Spain to exhume bodies of civil war victims at Valley of the Fallen

The Spanish government on Tuesday approved a special fund to exhume graves at the Valley of the Fallen, where thousands of victims of the Spanish Civil War and dictator Francisco Franco are buried.

Spain to exhume bodies of civil war victims at Valley of the Fallen
Women hold up pictures of their fathers and relatives, who were condemned to death during Franco’s dictatorship. Photo: OSCAR DEL POZO/AFP

The Socialist government said it had set aside €665,000 ($780,000) to exhume some 33,000 victims whose remains lie behind a vast basilica near Madrid.

Franco was buried in the basilica when he died in 1975 but his remains were removed in 2019 and transferred to a discreet family plot on the outskirts of the capital.

Government spokesperson Maria Jesus Montera told reporters that more than 60 families and international institutions had called for the exhumation of the victims to give relatives who suffered during the civil war and Franco’s dictatorship “moral reparation”.

Campaigners estimate more than 100,000 victims from the war and its aftermath remain buried in unmarked graves across Spain —- a figure, according to Amnesty International, only exceeded by Cambodia.

Human remains discovered during exhumation works carried out by the Association for the Recovery of Historical Memory of Valladolid, in a mass grave where the bodies of hundreds of people were dumped during the Spanish civil war.

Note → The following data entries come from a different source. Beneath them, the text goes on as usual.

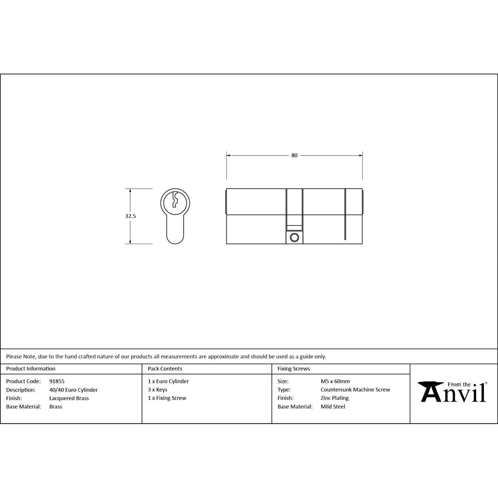 Lacquered Brass 40/40 Euro Cylinder | From The Anvil
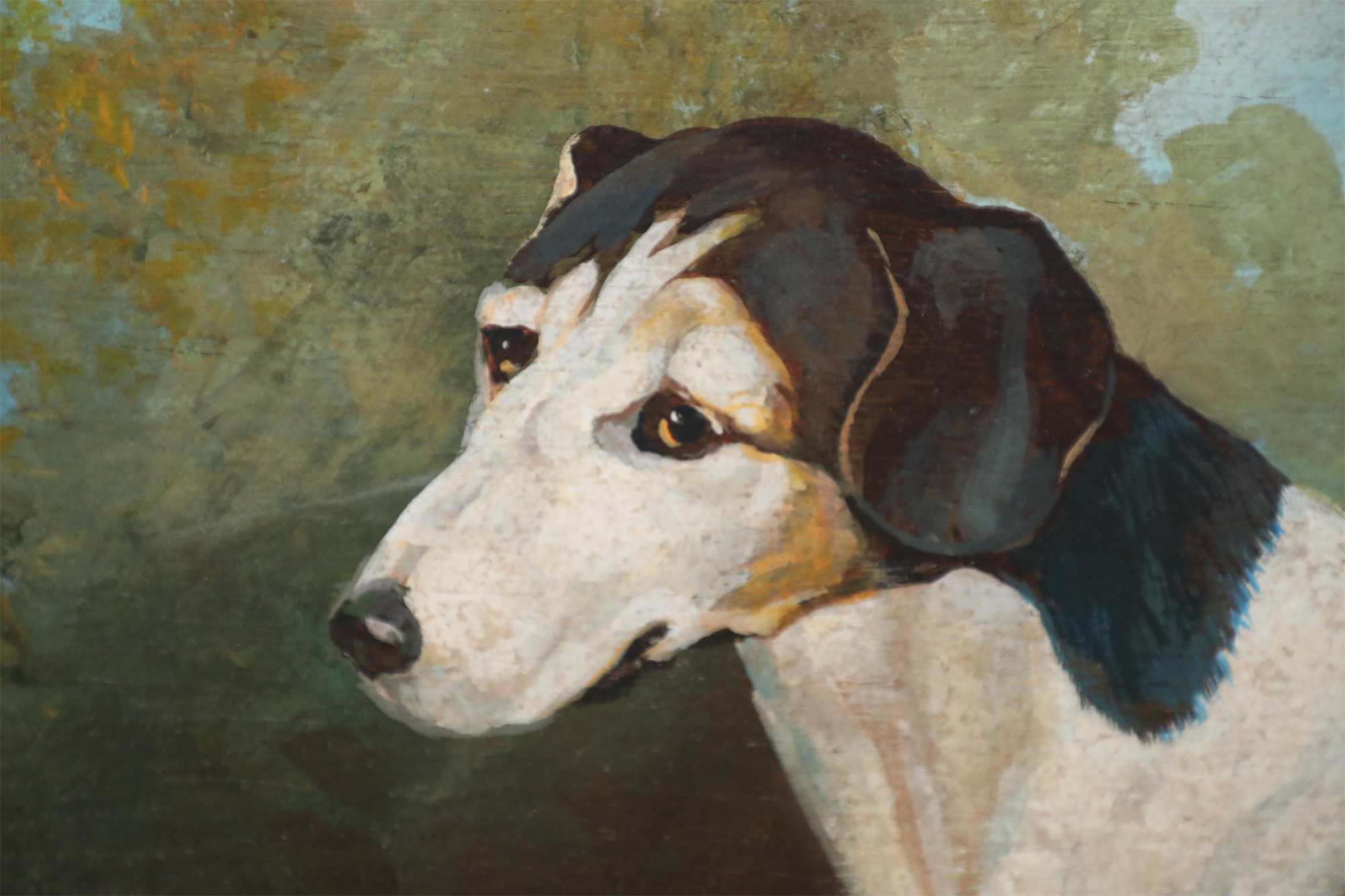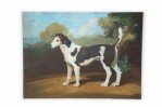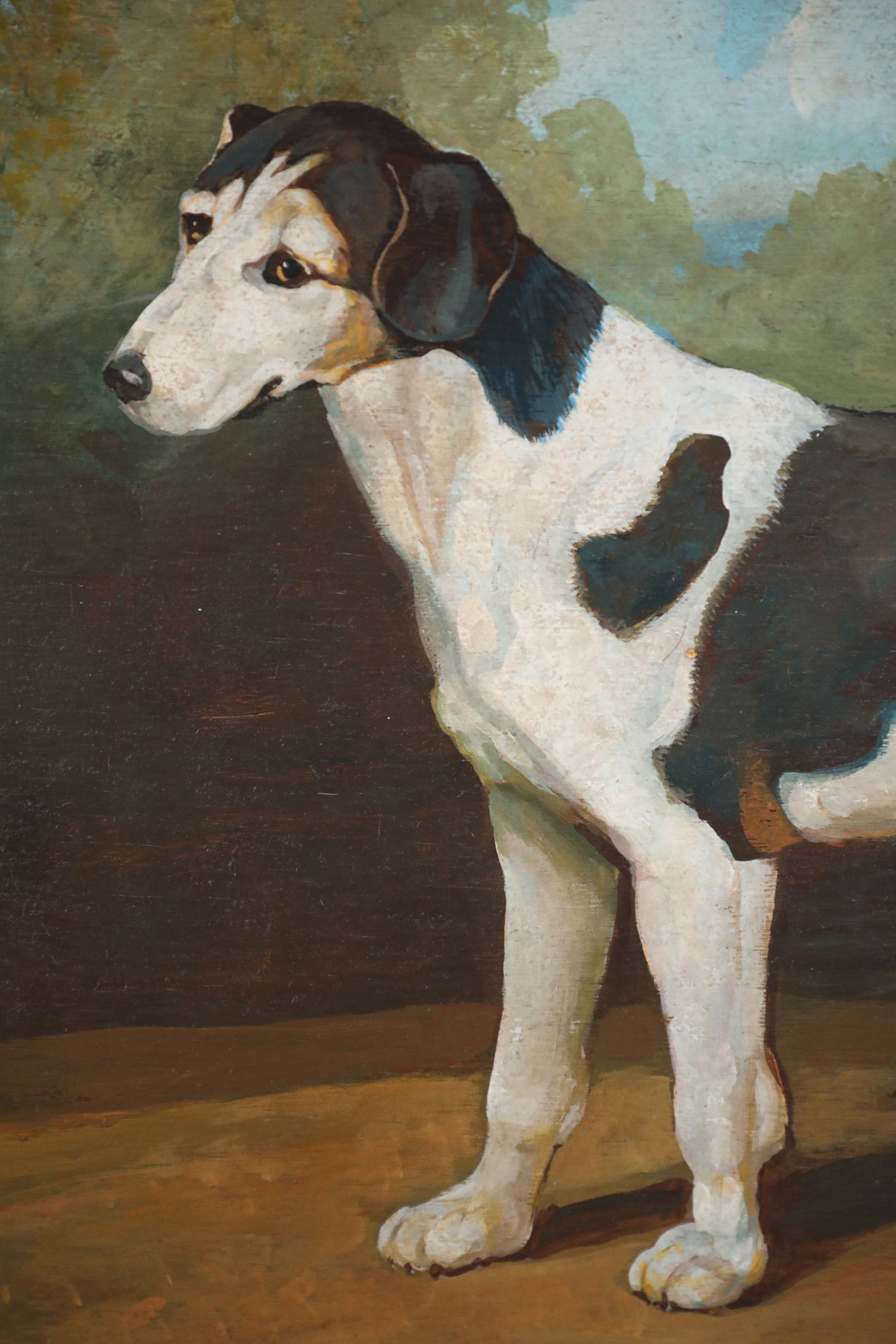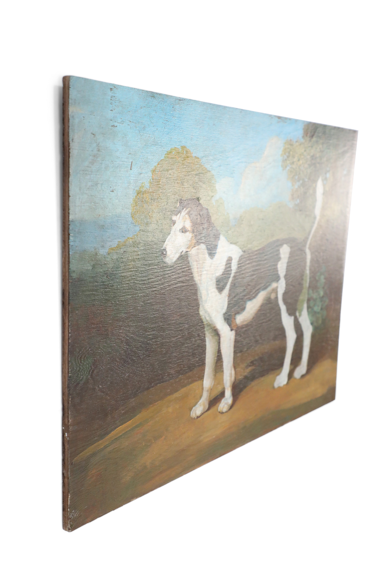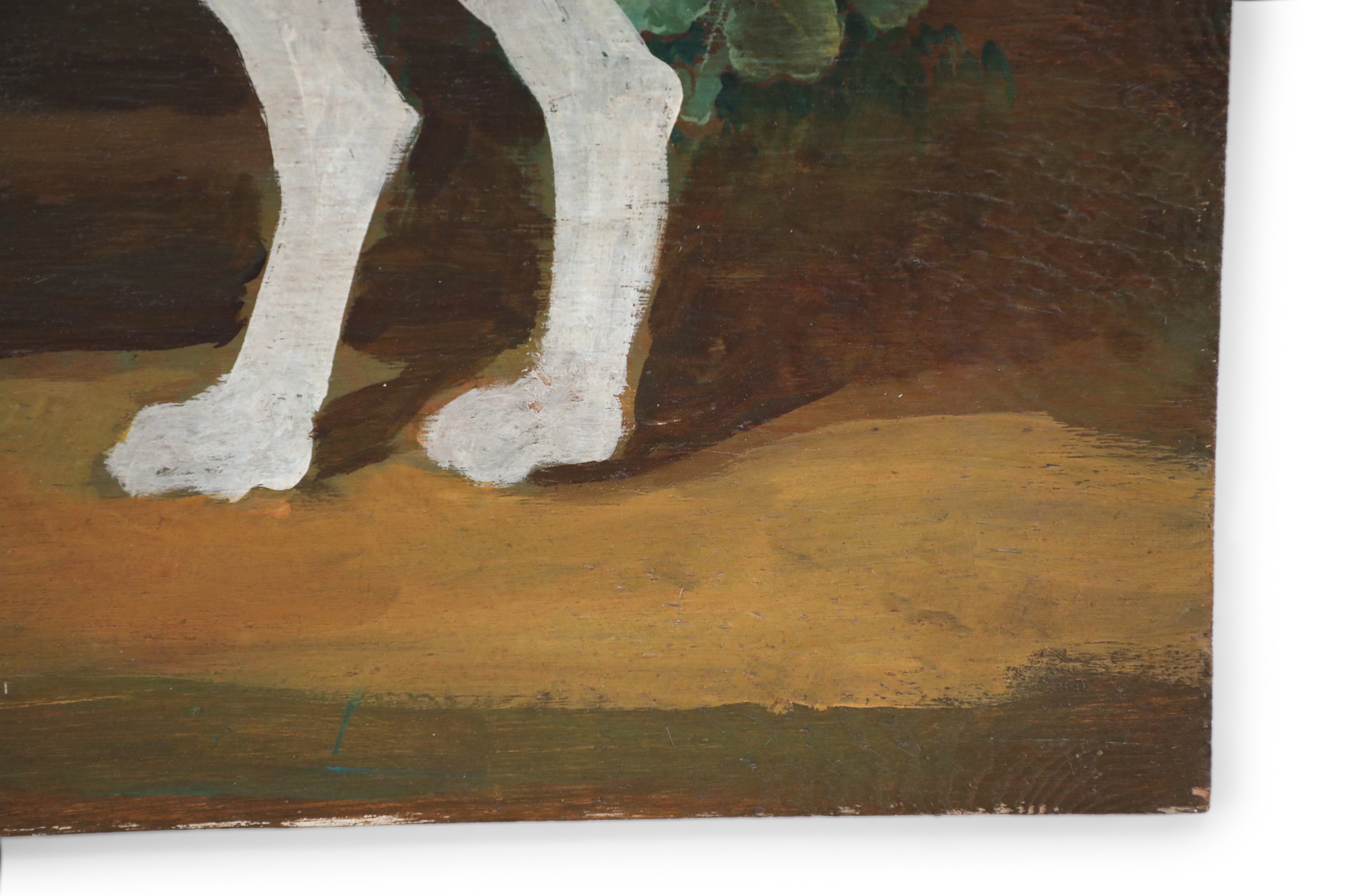 English Victorian style (20th Century) painting of a black and white dog captured on a swath of earth, against a background of landscape scenery, on rectangular, unframed plywood.
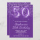Sparkly Glittery Royal Purple Number 50 Birthday Invitation
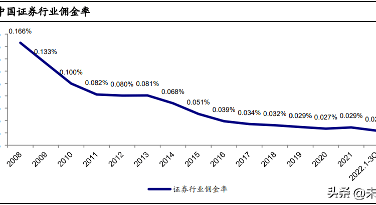 中国券商存在一定同质化现象,佣金战以来券商佣金率持续下行。由於中国券商业 务模式缺乏亮点,同质化较为严重,随着金融牌照放开、行业壁垒逐渐缩小、业内竞争 加剧等因素,券商利润率逐渐被挤压,这点在经纪业务佣金率上尤为明显。2014 年,国 金证券首推佣金宝,随後中山证券、国联证券等相继推出最低佣金率产品,自此券商行 业佣金战打响。随後 2015 年 4 月「一人一户」限制全面放开,行业佣金率下限不断被 打破,佣金率已从 2008 年 0.166%下滑至 2022 年三季度末的 0.023%。
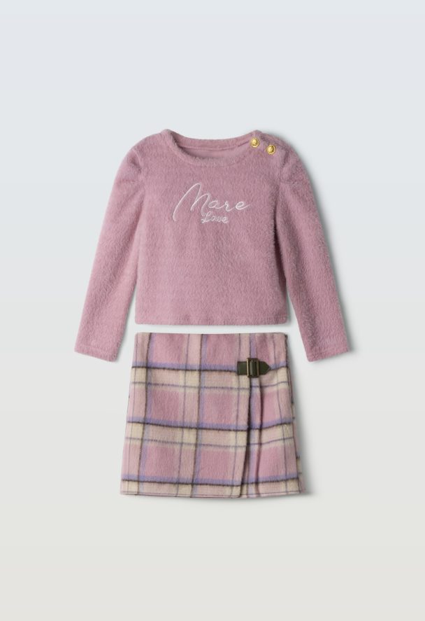 Μπλούζα ροζ-φούστα καρώ ροζ σετ 2τμχ
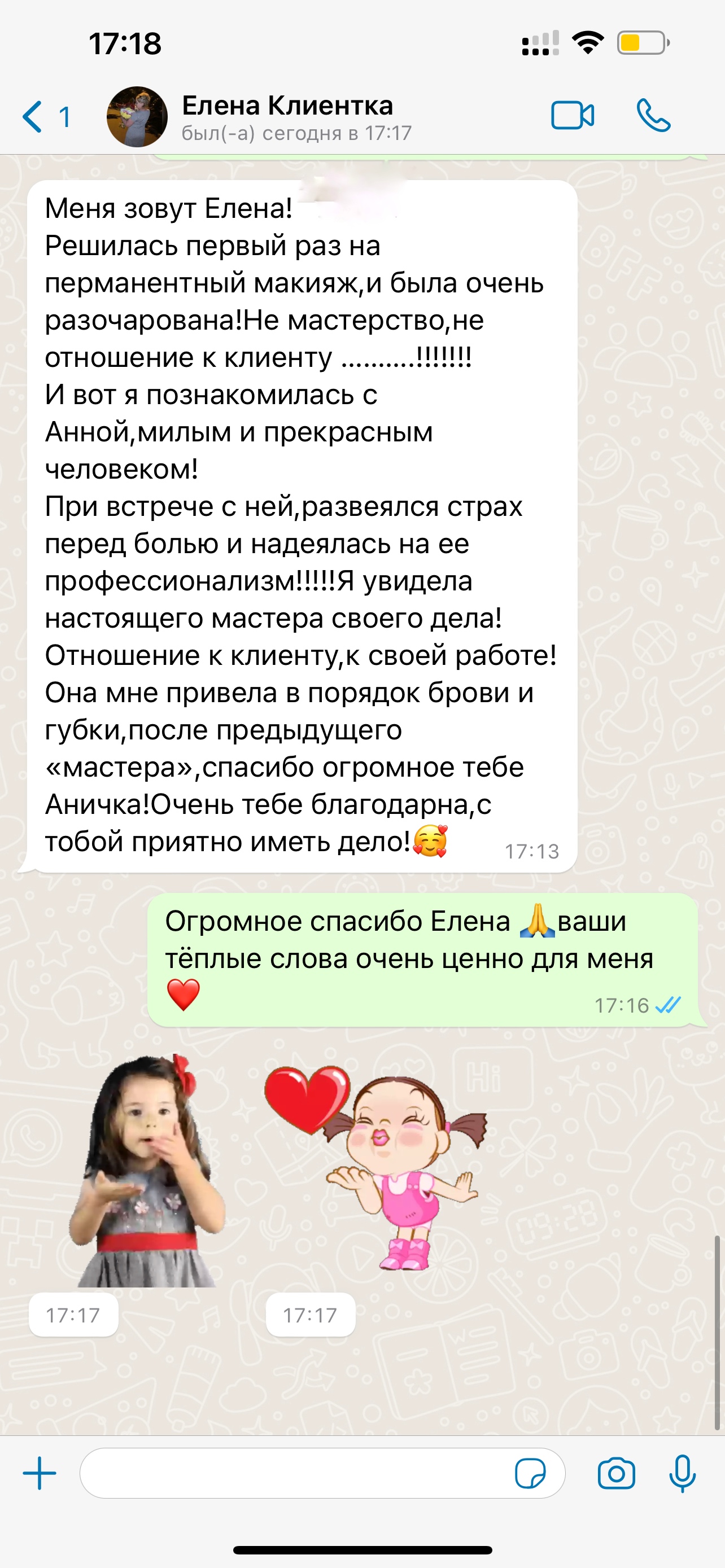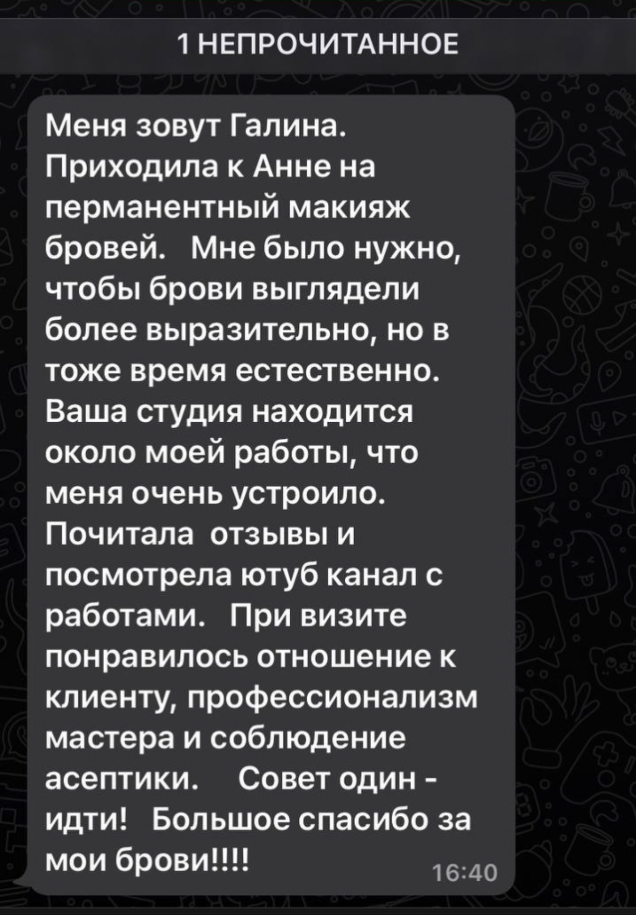 Я гарантирую не только идеальный образ на 1,5 года, но и отличное настроение от визита и приятных подарков.
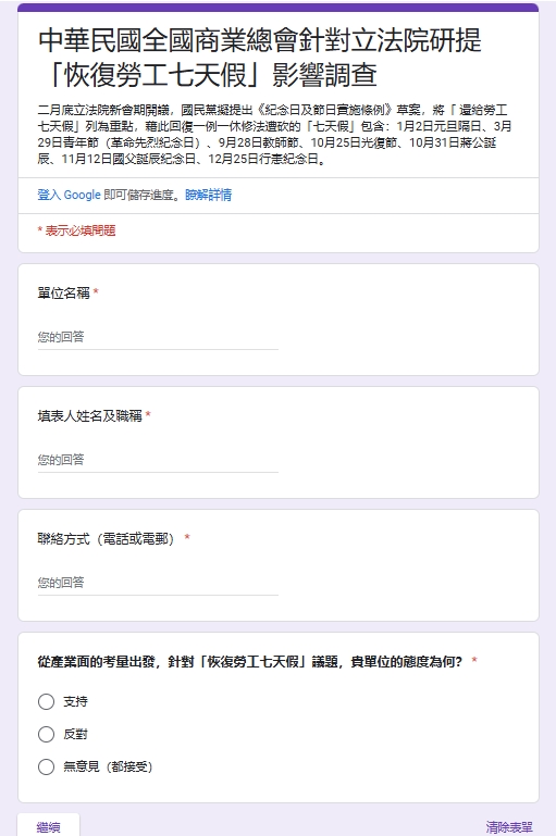中華民國全國商業總會針對立法院研提「恢復勞工七天假」影響調查
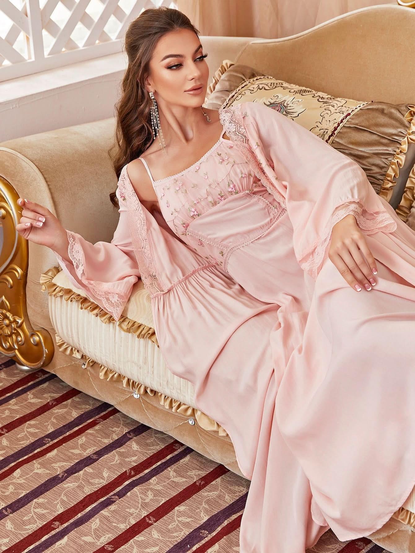 طقم بيجامة مكون من رداء شبكي مطرز بأزرار للنساء
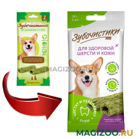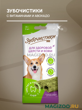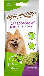 Зубочистики с витаминами для здоровья кожи и шерсти для собак средних и крупных пород весом от 10 кг.
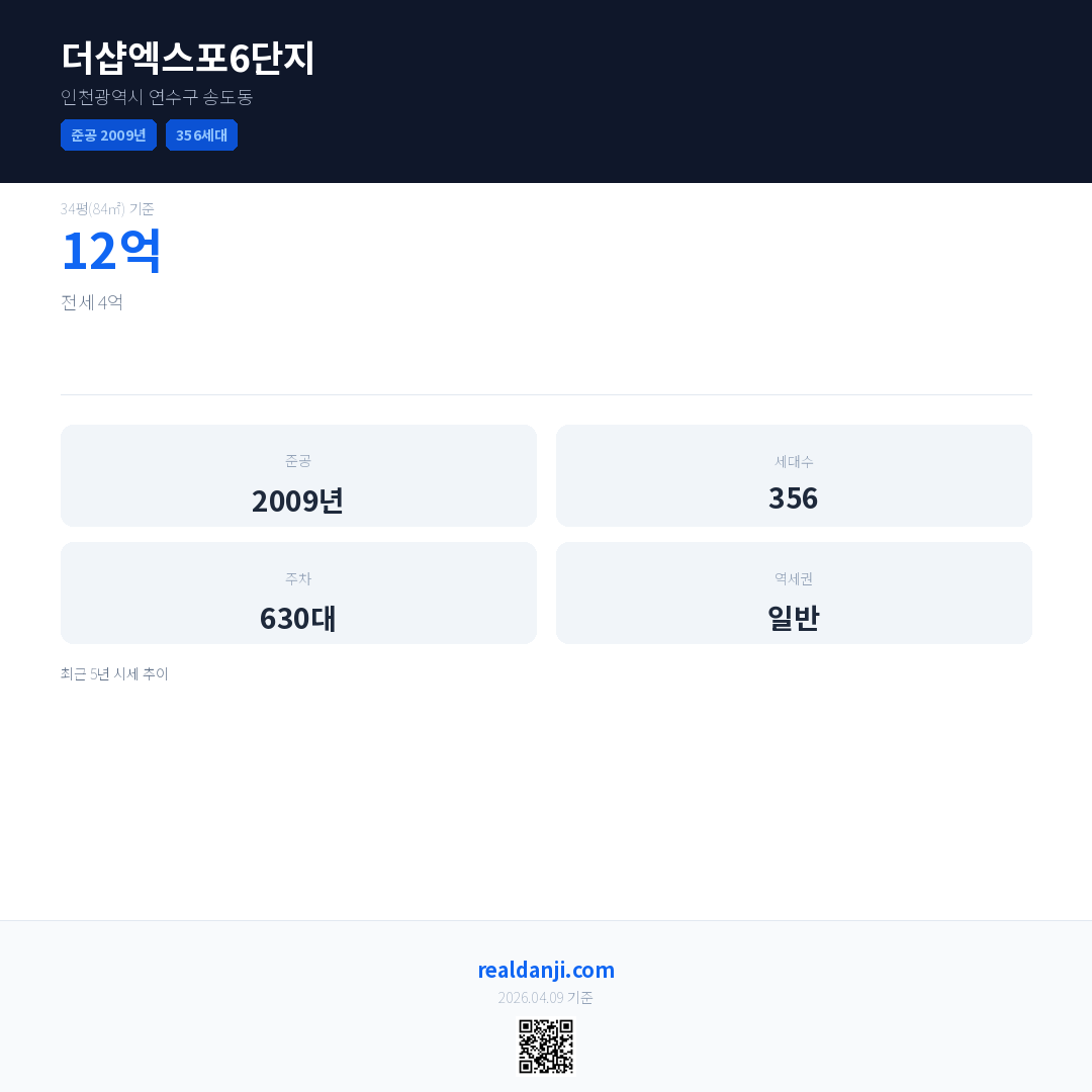 더샵엑스포6단지 최근 거래가는 12억입니다. (2026-04)
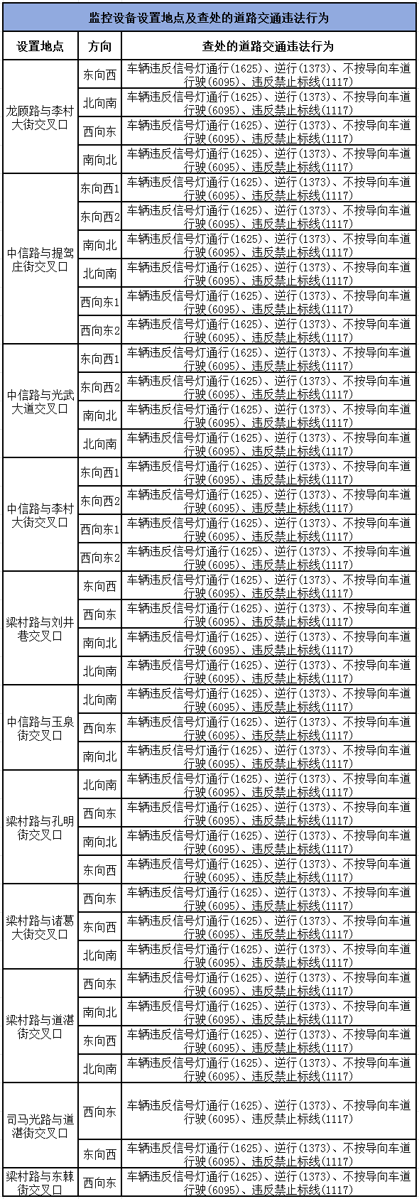 在伊滨区中信路、梁村路等道路,增设39套交通技术监控设备,用于查处车辆违反信号灯通行、不按导向车道行驶、违反禁止标线、逆行等交通违法行为,自2025年11月10日起开始启用。

Photo by CESAR MANSO/AFP

Built between 1940 and 1958 partly by the forced labour of political prisoners, the imposing basilica and the mausoleum of the Valley of the Fallen was initially intended for those who had fought for Franco.

But in 1959 the remains of many Republican opponents were moved there from cemeteries and mass graves across the country without their families being informed.

The crypts and ossuaries where some of the victims are buried are inaccessible as they were walled off at the time.

Socialist Prime Minister Pedro Sanchez has made the rehabilitation of the victims of the Franco era one of his priorities since coming to power in 2018.

As well as the Valley of the Fallen, his government is also focusing on identifying remains founds in mass graves across Spain.